There's a very common myth surrounding the issue of medical bills and how they impact a person's credit score. Many people erroneously believe that medical bills don't factor into their credit scores, and that lenders can't consider medical debt in their decision to approve a loan. Unfortunately, this is not the case. Medical bills do affect your credit, likely costing thousands of people more than they know. If you have high medical debt, making late payments or ignoring the debt could mean a big hit to your credit score.
Many of us have extremely high medical debt. Whether you didn't have insurance coverage when you got sick, or if costs exceeded your plan's coverage, you're still on the hook to pay the physicians who provided you care.
It is true that most physicians and hospitals don't report medical bills to the three major credit bureaus, which could mean that you're in the clear, so long as the outstanding bill doesn't go to collections.
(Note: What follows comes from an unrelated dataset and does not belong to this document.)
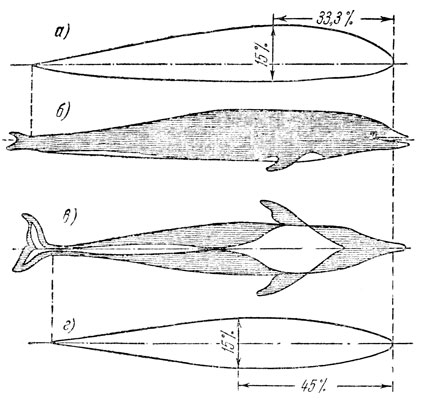 Рис. 15. Быстроходный дельфин хорошо обтекаемой формы и близкие по контурам аэродинамические профили (по С. В. Першину). а) Несимметричный 15%-ный профиль ЦАГИ серии В; 6) и в) вид дельфина сбоку и снизу (экземпляр длиной 2,08 м, весом 56 кг); г) симметричный 15%-ный ламинаризованный профиль НАКА

If your debt is transferred to a third-party collections agency, they do report to the credit bureaus, and can use aggressive collection tactics to settle the debt.
Medical collections, though, are still a part of most lenders' approval process. The debt isn't considered less important, and your medical bills could prevent you from being approved for a home or car loan.
If you've been unable to work after an injury or illness, you could be looking at a serious financial crisis. One study showed that medical debt is the number one cause of bankruptcy in the United States 56 million Americans currently have extremely high medical bills.
Your credit score is an important part of your financial future, and it's important to keep medical bills out of the way if at all possible. If you're having trouble paying, work with doctors and other providers to set up a payment plan, and stick to it. If you are completely unable to pay back medical debt, you may need to consider getting professional help.
Facing high medical bills is extremely challenging, but there are a number of services that can help you fight back against your debt. Working with a credit counselor can help you consolidate bills, and work out settlements with accounts that have been sent to collections. You can always improve your credit score over time, but the increases come slowly.